Yugoslavia filed a World Court case against 10 Nato alliance members, claiming their bombing campaign breaches international law. Yugoslavia also asked the 15-judge court, the UN's highest judicial body, to call a halt to the campaign while the case is being considered - a process which can take years.

Austria has agreed to take 5,000 more refugees and speed up airlifts from Macedonia in a bid to help the problem of overflowing refugee camps. Austria has already admitted 5,000 refugees.

UNHCR has called for countries to cut down on bureaucracy and speed up evacuations from Macedonia, where refugee camps are overflowing.

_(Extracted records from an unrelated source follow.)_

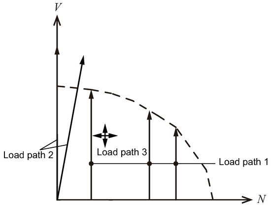 - Load path 2: radial loading. These loading trajectories inform the hardening principle as well as the flow rule characteristic of the elastoplastic model. The instance of pure shear loading does indeed represent a specific case within this load path, from which the shear–slip hardening principle applicable to the stud connection can be extrapolated;
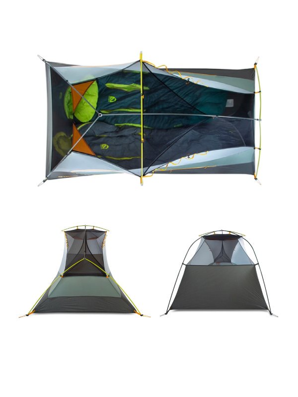 居住スペースを犠牲にせず軽量化するためにテーパード形状のデザインをフロア形状を採用、インナーテントのフロアを高く立ち上げたデザインでプライバシーと防水性を強化しました。
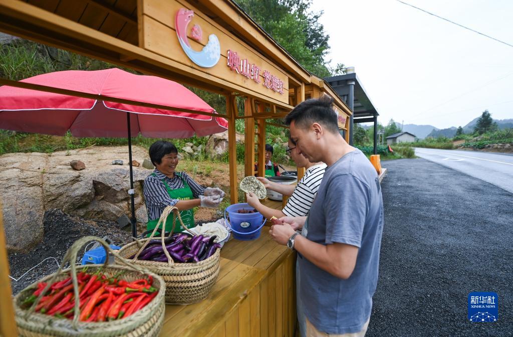 9月16日,杭州市臨安區龍崗鎮望湖村村民在村口的共享攤位擺賣(mài)時(shí)令蔬菜和當地土特產(chǎn)。

On Wednesday, 1,593 refugees were evacuated, with the largest groups going to France (592) and Turkey (263) but this falls well short of UNHCR's immediate target of 2,000 departures a day.

A small group of Kosovo Albanians in a Dutch refugee camp has launched a hunger strike in the hope of getting Albanian television broadcasts.

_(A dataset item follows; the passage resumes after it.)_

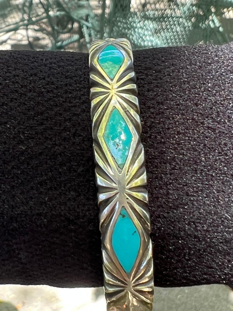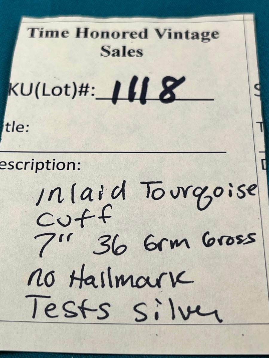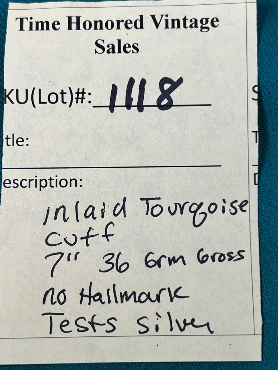 Inlaid Turquoise Cuff Un-marked 7"

The Greek Foreign Minister, George Papandreou, says Athens opposes any Nato ground attack in Kosovo and would not participate in such an action.

Nato yesterday halted for two hours all flights to or from Tirana's Rinas International Airport after a sniffer dog found something suspicious in a package for Kosovo refugees.

Nearly a hundred journalists rallied in front of the Yugoslav Embassy in Croatia demanding the release of one of their colleagues jailed in Montenegro.